When ActBlue launched, it transformed passion into money. Slate transforms donors passionate about one candidate or committee into potential activists for others.
Rep. Bart Stupak has been the object of derision and scorn since he famously flipped his health care vote. Because of that, his seat has been a big part of the electoral calculus for this fall’s Congressional elections – and despite his retirement, it still is.
Nationally, Democrats were able to win the debate on health care, thanks in large part to Stupak. His last-second flip gave cover to other pro-life Democrats to support the bill – and he pulled enough votes with him that other Democrats in conservative districts, like Heath Shuler, could continue to oppose the bill. (Shuler was promptly replaced by Donovan McNabb.)
As such a key figure, Stupak might as well have drawn a giant bullseye on his back.
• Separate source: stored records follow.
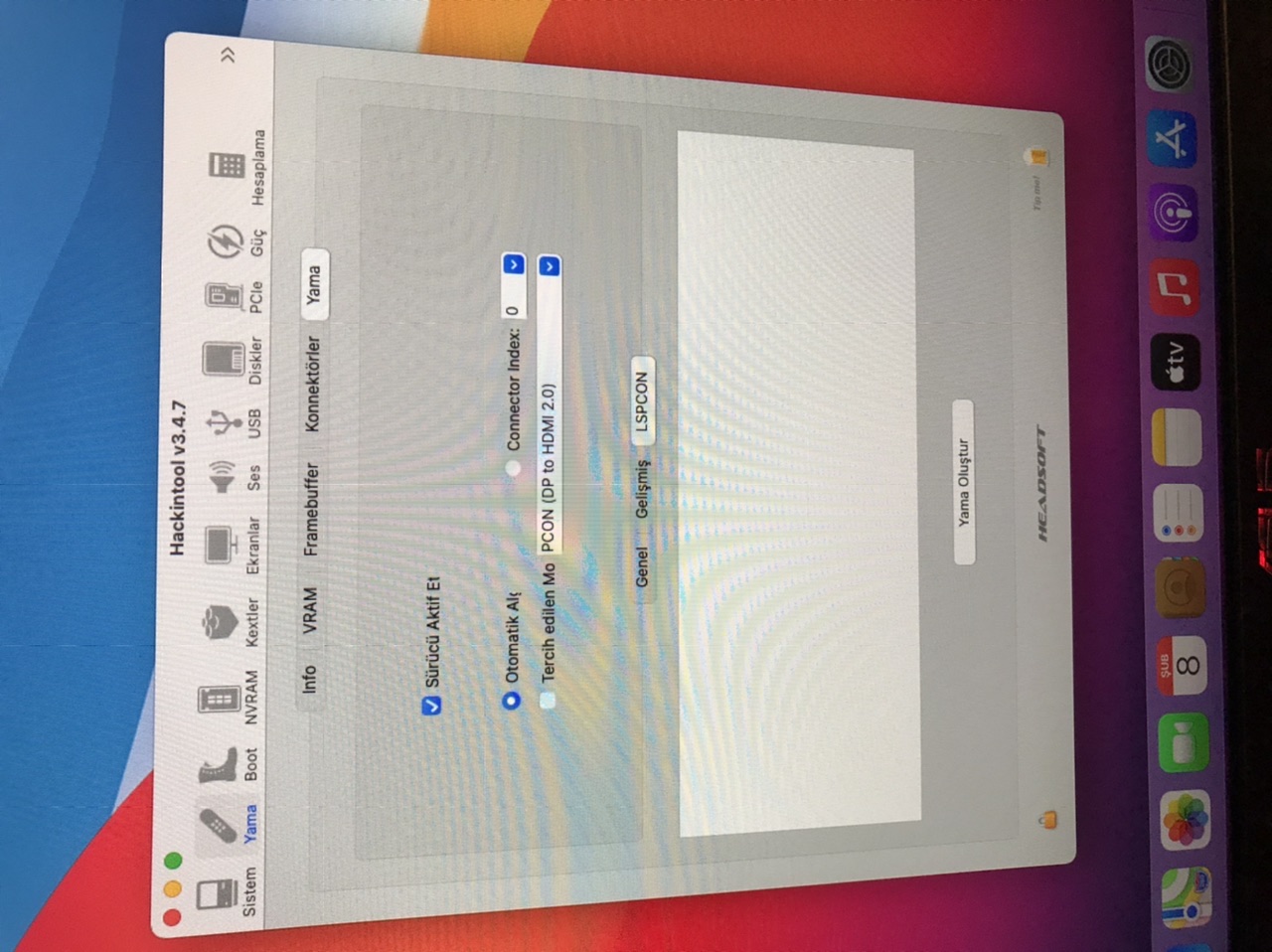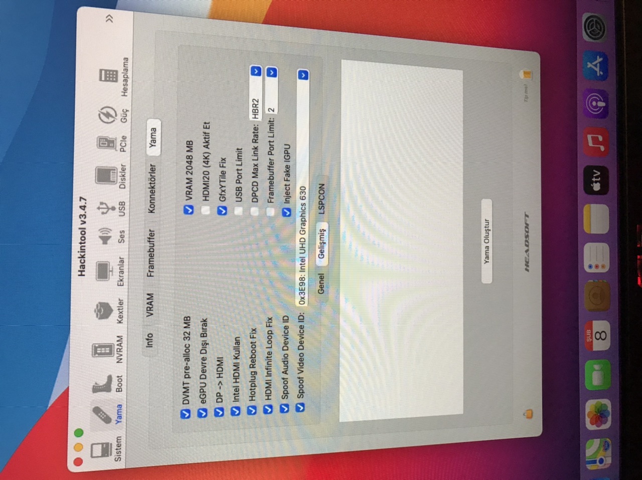 Big Sur’u başarılı bir şekilde kurdum ekran kartını tanıttım fakat sistem açılana kadar hdmi görüntü alıyorum daha sonra hdmi dan görüntü alamıyorum sadece display porttan geliyor görüntü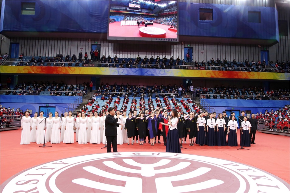 “燕園情,千千結(jié)。”儀式最后,全體師生齊唱《燕園情》。伴隨著熟悉的旋律響起,畢業(yè)生們即將開(kāi)啟新的航程。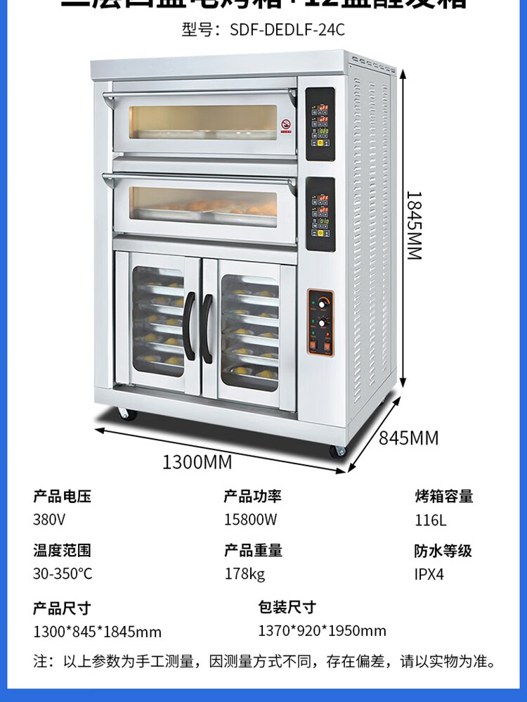Stevison(史蒂芬) SDF-DEDLF-24C 组合烤箱(二层四盘电烤箱+12盘醒发箱) 电压:380V 3N~ 额定功率:15800W 烤箱容量:116L 不锈钢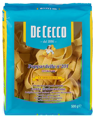 Pappardelle 500g De Cecco fra De Cecco er et produkt innen Middag, Pasta, Båndspagetti. Vekten er 500 g. Produktet inneholder følgende allergener: Gluten. Produktet leveres av OLUF LORENTZEN AS. Produktet ble første gang registrert 11.6.2023 og sist oppdatert 6.9.2023.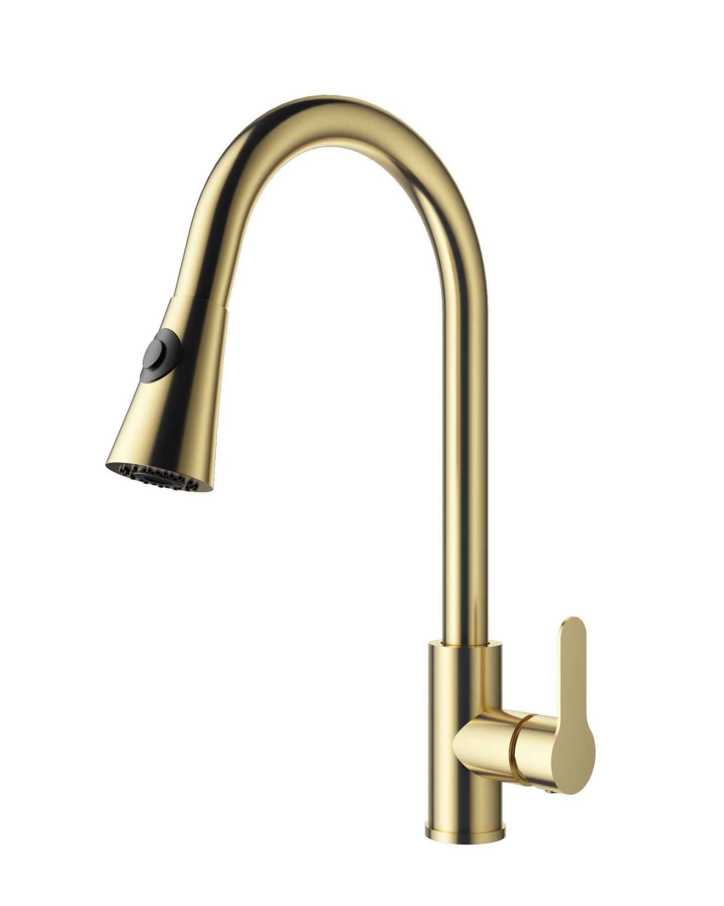 Смеситель для кухни с выдвижным изливом WONZON & WOGHAND, Брашированное золото (WW-121E201L-BG)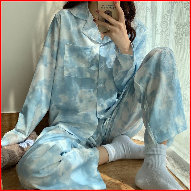 Baru Musim Gugur Es Sutra Piyama Ukuran Besar Celana Panjang Lengan Longgar 2 Potong Setelan Sleepwear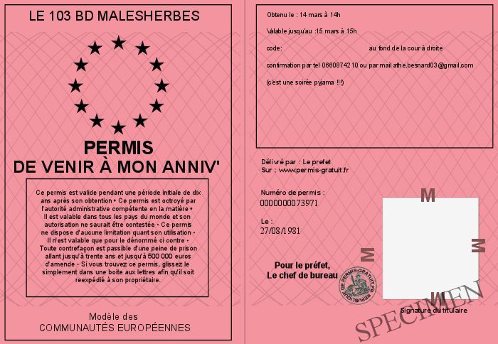Envoyez par email le Permis de venir à mon anniv' personalisé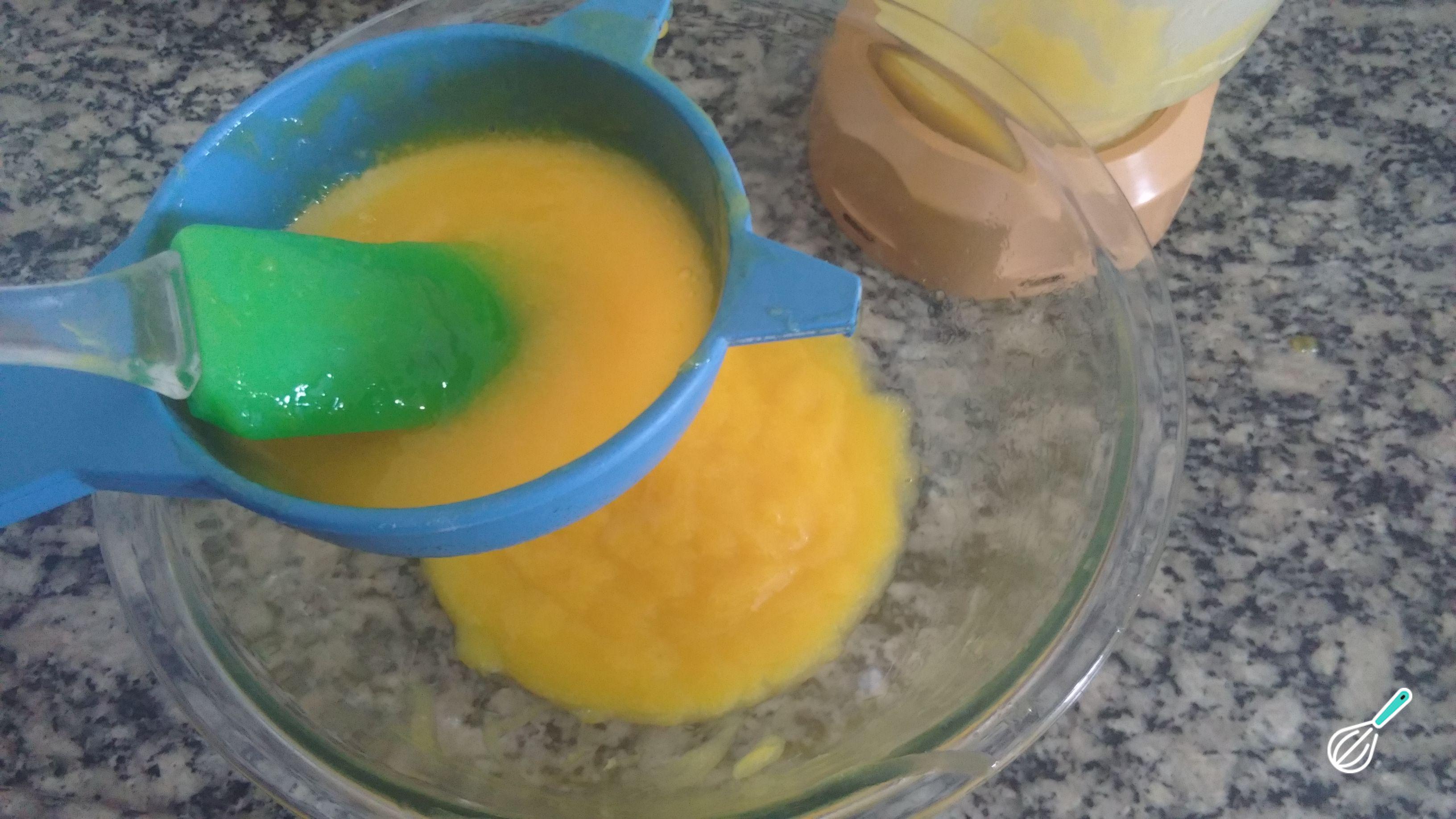 Agora, despeje o suco de manga na mistura e bata muito bem.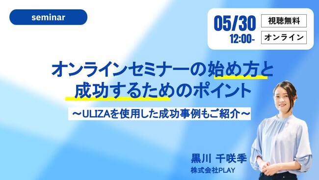 この度株式会社PLAYは、5月30日(火)12:00〜開催するセミナー「オンラインセミナーの始め方と成功するためのポイント」の申し込みページを公開しました。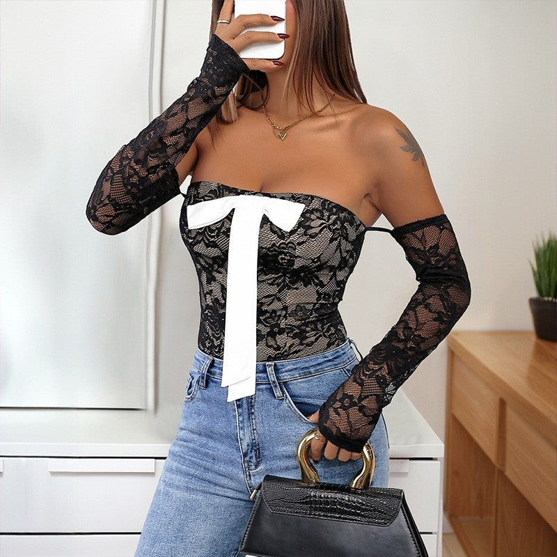 Lace Patchwork Contrast Color One Shoulder Bow Tie Jumpsuit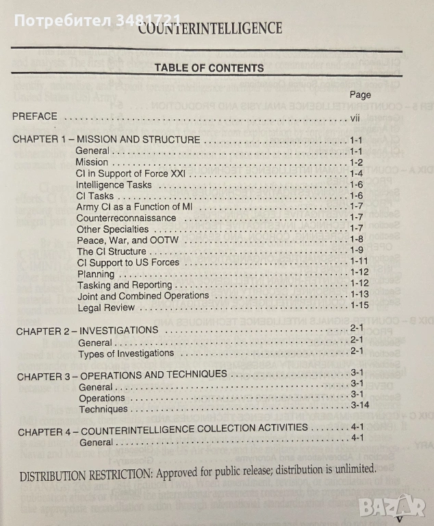 Официалното декласифицирано ръководство, издадено от Department of the Army, предназначено за командири, контраразузнавателни агенти и анализатори. Контраразузнаването, по своята същност, изисква мултидисциплинарен подход. То включва човешко контраразузнаване (C-HUMINT), сигнално контраразузнаване (C-SIGINT) и визуално контраразузнаване (C-IMINT), целящо да неутрализира вражески опити за събиране на информация.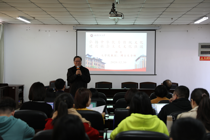 1230日下午,校党委讲师团成员、文学院博士生导师郭丹教授应邀为传播学院师生党员作以“弘扬中华优秀传统文化 建设社会主义文化强国”为主题的讲座。讲座由院党委书记郑文灿主持,全体教师党员、学生党支部支委到场聆听了讲座。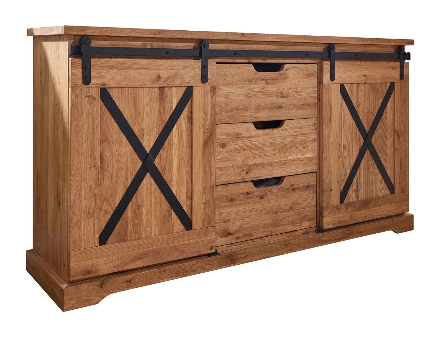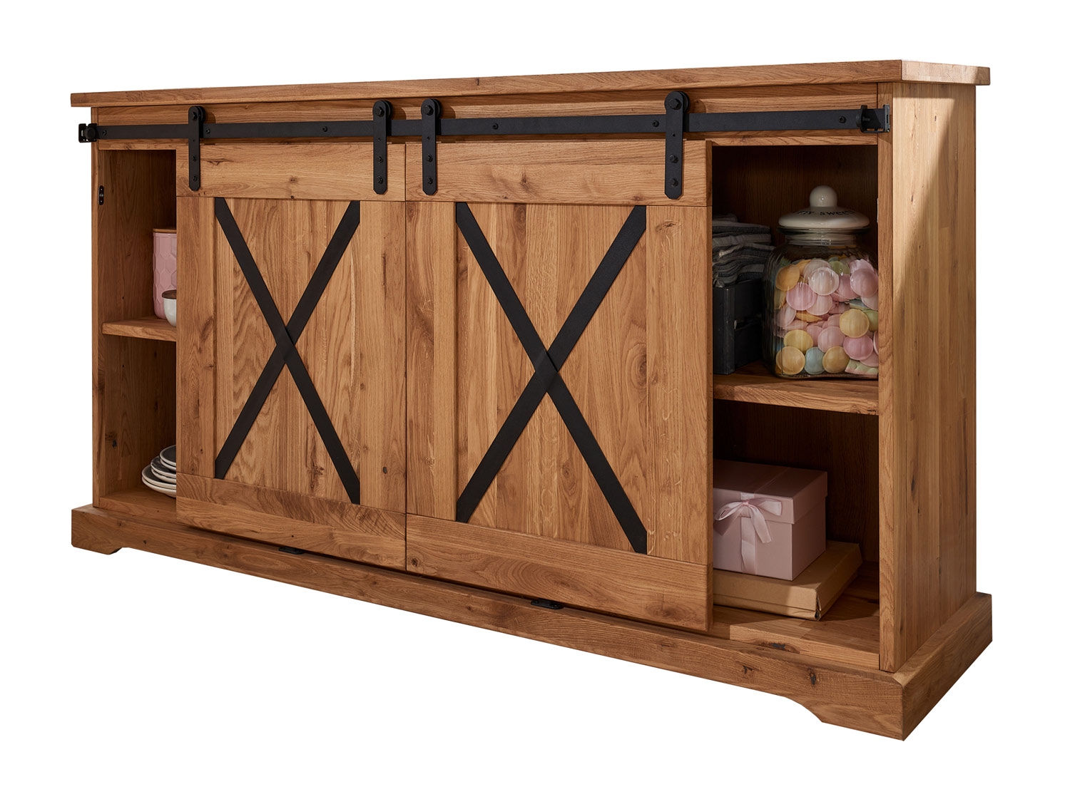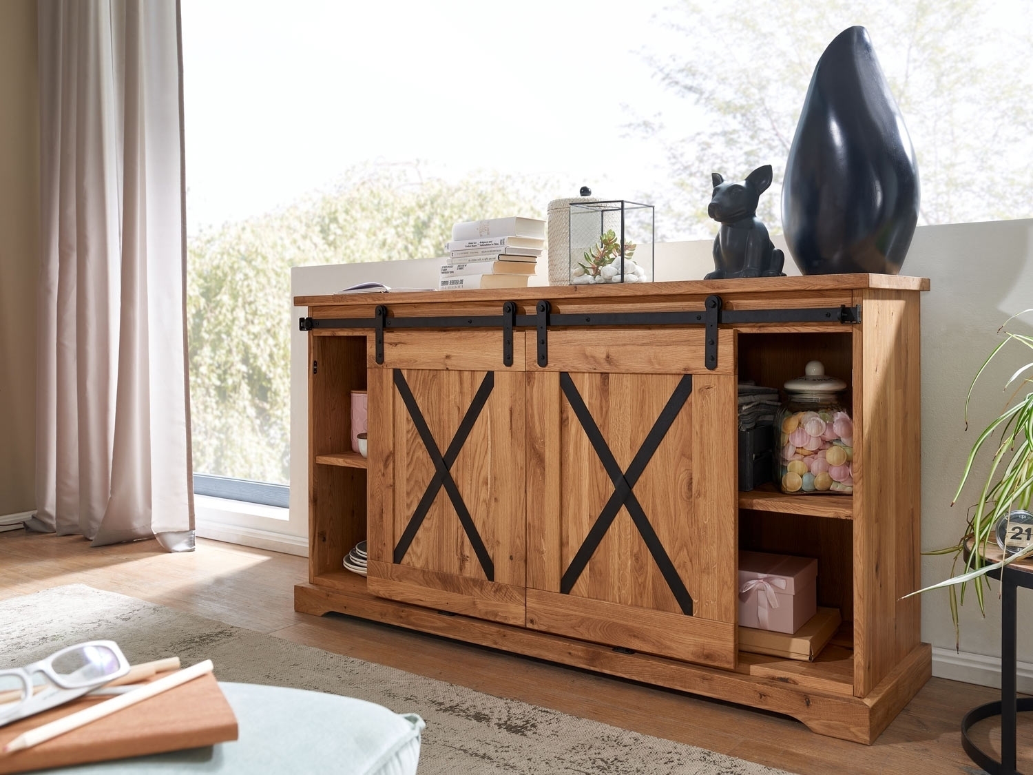 Wildeiche massiv geölt - B 150 cm - 2 Rolltüren - 3 Schubladen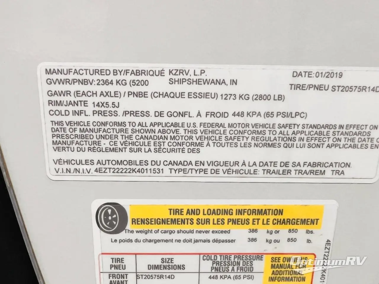 - VIN 4EZT22222K4011531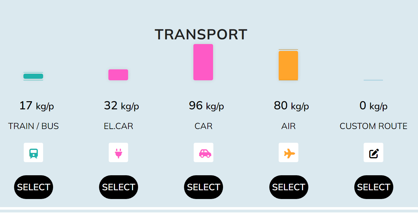 但若是一家四口同行,開車人均產生的二氧化碳就降低至24公斤,成為比搭飛機還友善環境的作法。若是駕駛電動車,人均排碳量更能降至8公斤,比搭乘火車與公車的碳足跡還低。善用該網站,不僅能對各交通工具的環境影響有進一步的認識,也能更有意識的選擇低碳的旅行方式。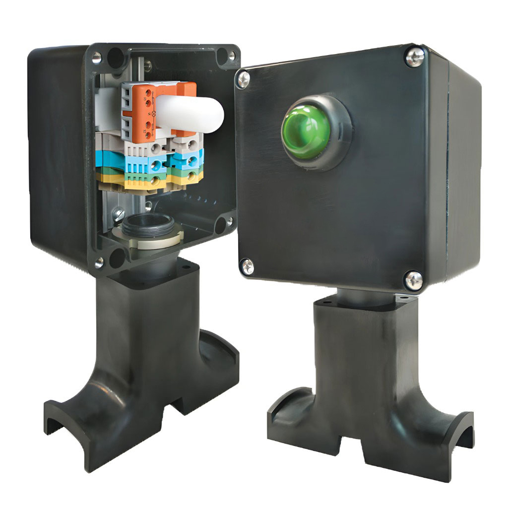 Конструкция корпуса обеспечивает защиту от проникновения влаги и пыли IP66 и высокую коррозионную стойкость. Кабельный ввод коробки предназначен для подключения небронированных силовых кабелей диаметром от 7 до 18 мм или бронированных силовых кабелей диаметром от 12 до 20 мм. Применяемые клеммные наборы позволяют обеспечить подключение многожильных или одножильных проводов сечением от 1,5 до 10 мм². Для заказов доступны исполнения коробок с винтовыми или пружинными клеммными зажимами.
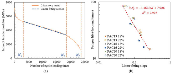 Fatigue life modeling based on indirect tensile modulus: (a) fitting of linear fitting slope; (b) relationship between fatigue life and linear fitting slope.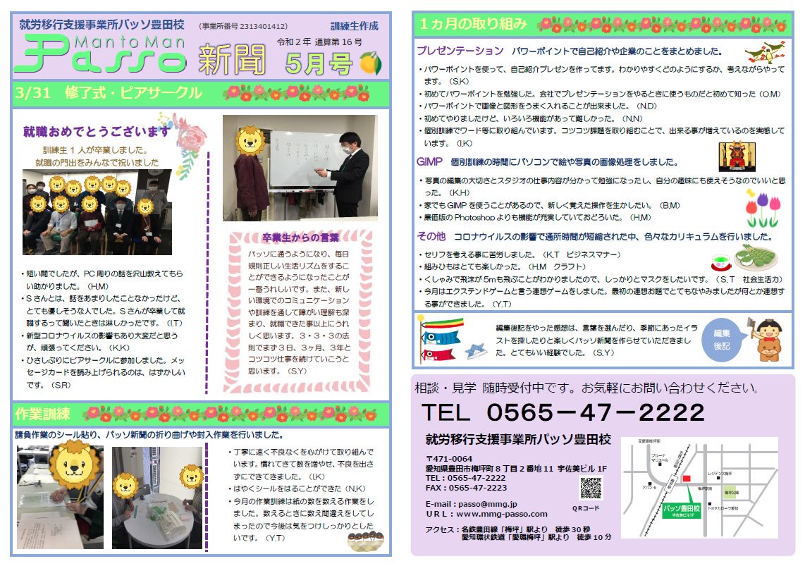 2020年5月11日 / 最終更新日時 : 2020年5月11日 wevadminn パッソ新聞 パッソ新聞2020年5月号を発行いたしました。 パッソ新聞2020年5月号を発行いたしました! バックナンバーは以下のページからダウンロードできます。 http://www.mmg-passo.com/newspaper/toyota2020/ 是非ご覧ください。

But it was a national bullseye, as a friend of Stupak told Politico:
The friend said he believes Stupak would have won, adding: “More than 95 percent of the opposition from left and right has come from outside of his district.”
And Republicans have rallied around surgeon Dan Benishek, a tea party favorite, who received very little attention until Stupak voted for the health care legislation even without the anti-abortion language in the bill . Benishek is expected to raise more than $100,000 this quarter, according to GOP sources, a large amount for a first-time candidate who had virtually no campaign infrastructure before Stupak received national attention over his health care positioning.
That outside support from national conservative and pro-life donors figures to dry up slightly without Stupak as a bogeyman – but it isn’t going away. That money and support will find its way into Rep. Marcy Kaptur’s district, or Rep. Steve Dreihaus’s, or into Indiana where Rep. Brad Ellsworth is looking to replace Evan Bayh.
While he was running, Stupak was a lightning rod; even if he lost his race he would at least soak up resources. Like he did a few weeks ago, he would have run interference for his fellow Democrats. Other Democrats in tough races may find themselves touched by the ripples of his retirement.